Allerdings gelten die Lizenzrechte nur bis zum 27. Januar. Das hängt damit zusammen, dass sie jeweils für zehn Jahre vergeben werden - zuletzt im Jahr 2006. Cubaexport und das französische Unternehmen Pernod Ricard, die über ein Joint Venture »Havana Club« außerhalb der USA vertreiben, haben aber bereits eine Verlängerung bis 2026 beantragt und zeigten sich zuversichtlich, diese nun auch zu erhalten. Wirtschaftliche Auswirkungen hat die Entscheidung ohnehin zunächst kaum, da Kuba wegen der US-Blockadebestimmungen keinen Rum in den USA vertreiben darf. Aber das kann sich im Zuge der Annäherung beider Länder bald ändern.
»Havana Club« war in den 1950ern nach Bacardí Kubas zweitwichtigste Rummarke. Nach der Revolution 1959 wurden die Rumfabriken verstaatlicht; die Eigentümerfamilie Arechabala floh nach Spanien. Auch die Bacardí-Familie verließ die Insel, setzte die Rumherstellung aber in ihren Destillerien in Puerto Rico und Mexiko fort. Im Jahr 1973 versäumte es die Familie Arechabala, die Markenrechte für »Havana Club« zu erneuern. Drei Jahre später sicherte sich Kubas Regierung diese Rechte und registrierte sie in verschiedenen Ländern, darunter den USA. 1993 gründete sie das Joint Venture mit Pernod Ricard.

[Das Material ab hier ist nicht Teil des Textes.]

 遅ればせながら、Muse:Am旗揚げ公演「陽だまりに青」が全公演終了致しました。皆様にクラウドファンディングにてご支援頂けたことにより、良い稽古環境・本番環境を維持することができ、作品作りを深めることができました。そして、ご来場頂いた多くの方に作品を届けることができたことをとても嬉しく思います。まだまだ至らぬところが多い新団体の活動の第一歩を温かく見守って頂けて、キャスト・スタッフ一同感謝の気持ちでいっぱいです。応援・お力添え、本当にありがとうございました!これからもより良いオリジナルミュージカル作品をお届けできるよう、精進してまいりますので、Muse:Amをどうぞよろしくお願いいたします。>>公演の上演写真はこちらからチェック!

Im Jahr darauf begann Bacardí aber, das Markenrecht anzufechten. Das Unternehmen argumentierte, die Familie Arechabala habe ihre Markenrechte niemals aufgegeben und beantragte bei den US-Behörden die Registrierung einer gleichnamigen Marke. Ein jahrzehntelanger Rechtsstreit mit Pernod Ricard und Kubas Regierung begann, in den sich sogar die Welthandelsorganisation und die Europäische Union einschalteten.

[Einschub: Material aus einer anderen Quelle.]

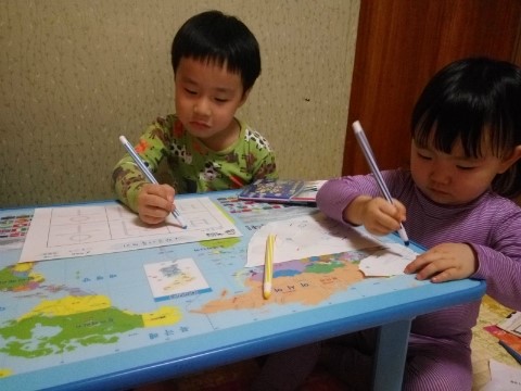 열심히 글씨를 따라서 쓰더라고요...

Mit viel Lobbyarbeit erreichte Bacardí schließlich die Verabschiedung eines Gesetzes im US-Kongress, das als »Bacardí bill« bekannt wurde. Danach war es für Unternehmen mit kubanischer Beteiligung illegal, abgelaufene US-Markenrechte zu erneuern oder Marken zu registrieren, die von Kuba ohne Entschädigung verstaatlicht worden waren. Als 2006 die Markenrechte von Pernod Ricard und Cubaexport für »Havana Club« in den USA ausliefen, verhinderte das Bacardí-Gesetz die Erneuerung.
Pernod Ricard erhob daraufhin Klage gegen Bacardi mit dem Argument, der Verkauf eines neuen Rums unter dem Namen »Havana Club« wäre irreführend. Einige Jahre später urteilte ein Gericht in Philadelphia im Sinne von Bacardí und erlaubte dem Unternehmen, eine puerto-ricanische Version des kubanischen Rums in den USA zu vertreiben. Als 2012 der Oberste Gerichtshof der USA sich weigerte, den Fall anzunehmen, schien der jahrelange Rechtsstreit entschieden.
Vergangene Woche aber vollzog das U.S. Patent and Trademark Office nun plötzlich eine Rolle rückwärts. Die letzte Wendung dürfte aber auch das noch nicht gewesen sein.